Your goal
If a record holds a picture, leave the picture out and copy everything else exactly.

Records shown

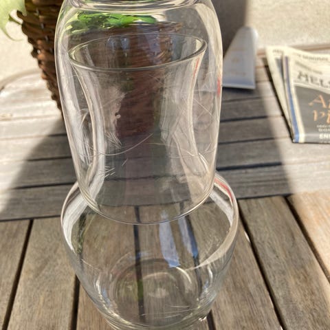 lasinen säilytysastia + korkki kork 20cm lev 17cm
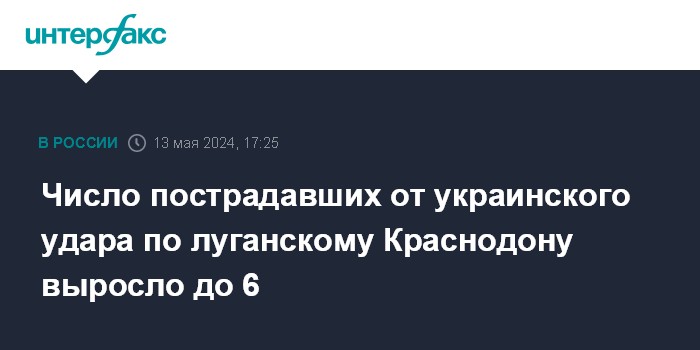Москва. 13 мая. INTERFAX.RU - Количество пострадавших при ударе украинской армии по Краснодону в Луганской народной республике увеличилось до шести, сообщил глава ЛНР Леонид Пасечник.
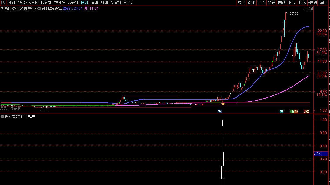 本指标是获利筹码线,是筹码类型公式,用到winner和cost筹码函数。
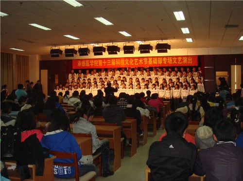 2010年10月29日,承德医学院建校六十五周年校庆暨第十三届科技文化艺术节基础部专场文艺演出在多功能厅拉开帷幕。学生处处长于多珠、基础部党总支书记李玉红、副书记梅爱敏和基础部主任孔祥玉以及各部系领导老师莅临现场,观看了整场演出。
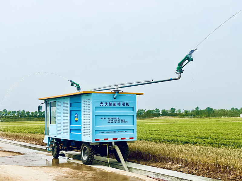 在杨凌良科新品种试验示范基地,光伏智能喷灌机正在演示作业。设备顶部光伏板,将太阳能转化为电能驱动运行,底部导航轮与渠道内壁贴合,实现“无人驾驶”自动行进。作业时,喷头喷洒出细密水雾,均匀覆盖农田,构建起高效的灌溉网络。
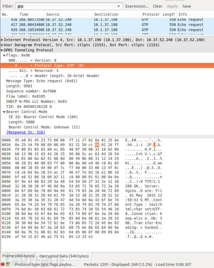 下图中,可以看到以GTP形式封装的用户数据,里面有一个HTTP请求。
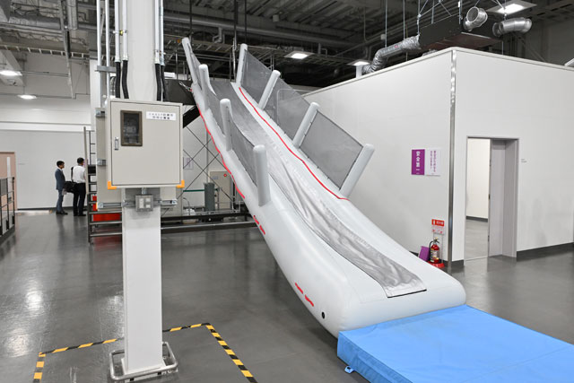 ピーチの複合訓練施設「モモトレ」の緊急脱出用スライド=25年7月31日 PHOTO: Tadayuki YOSHIKAWA/Aviation Wire
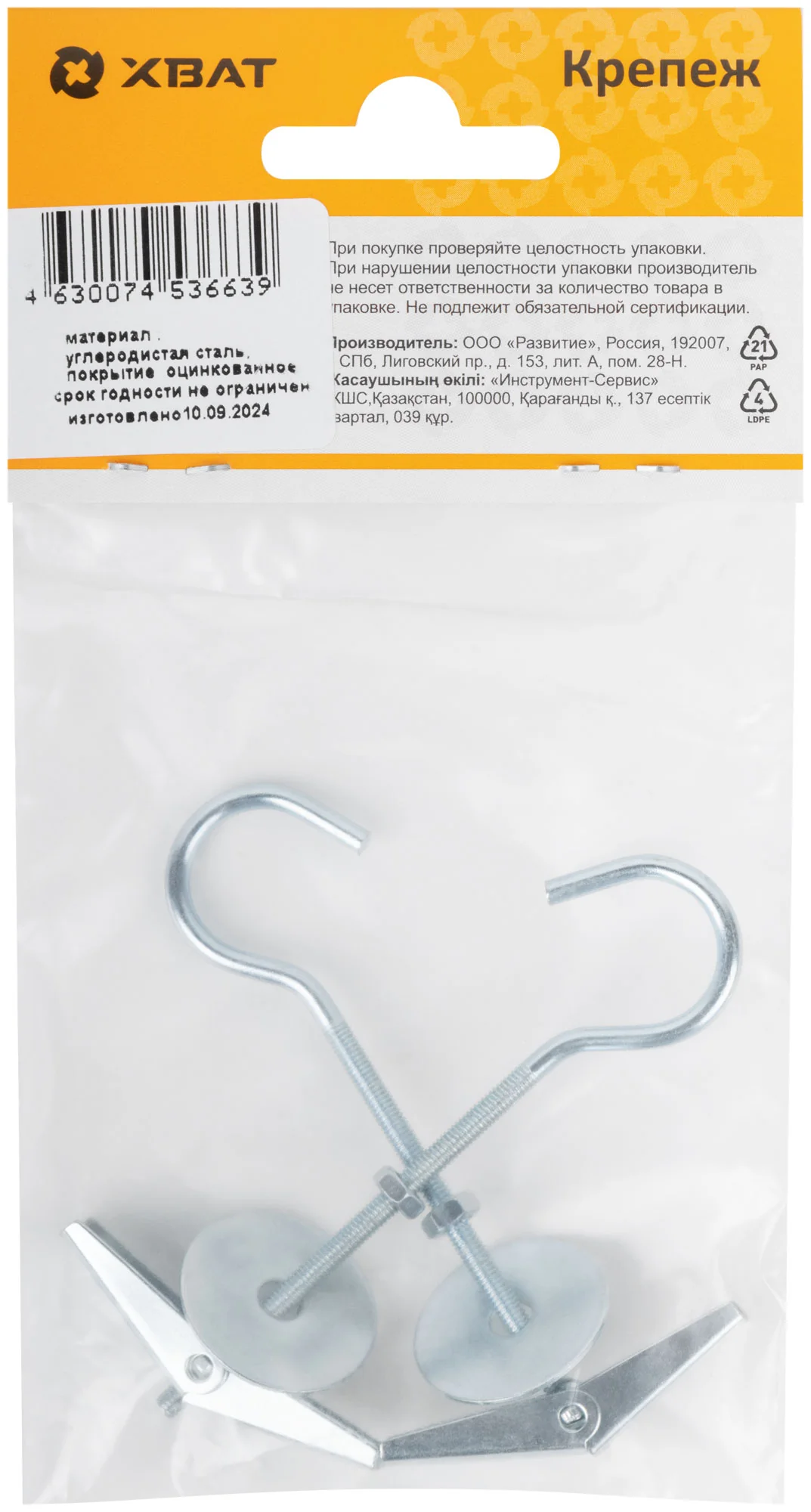 Анкеры изготовлены из стали с гальваническим цинковым покрытием, что обеспечивает долговечность и устойчивость к коррозии. Винты с крюком также имеют метрическую резьбу и цинковое покрытие, что повышает их надежность.

Response to this exercise
 lasinen säilytysastia + korkki kork 20cm lev 17cm
Москва. 13 мая. INTERFAX.RU - Количество пострадавших при ударе украинской армии по Краснодону в Луганской народной республике увеличилось до шести, сообщил глава ЛНР Леонид Пасечник.
 本指标是获利筹码线,是筹码类型公式,用到winner和cost筹码函数。
 2010年10月29日,承德医学院建校六十五周年校庆暨第十三届科技文化艺术节基础部专场文艺演出在多功能厅拉开帷幕。学生处处长于多珠、基础部党总支书记李玉红、副书记梅爱敏和基础部主任孔祥玉以及各部系领导老师莅临现场,观看了整场演出。
 在杨凌良科新品种试验示范基地,光伏智能喷灌机正在演示作业。设备顶部光伏板,将太阳能转化为电能驱动运行,底部导航轮与渠道内壁贴合,实现“无人驾驶”自动行进。作业时,喷头喷洒出细密水雾,均匀覆盖农田,构建起高效的灌溉网络。
 下图中,可以看到以GTP形式封装的用户数据,里面有一个HTTP请求。
 ピーチの複合訓練施設「モモトレ」の緊急脱出用スライド=25年7月31日 PHOTO: Tadayuki YOSHIKAWA/Aviation Wire
 Анкеры изготовлены из стали с гальваническим цинковым покрытием, что обеспечивает долговечность и устойчивость к коррозии. Винты с крюком также имеют метрическую резьбу и цинковое покрытие, что повышает их надежность.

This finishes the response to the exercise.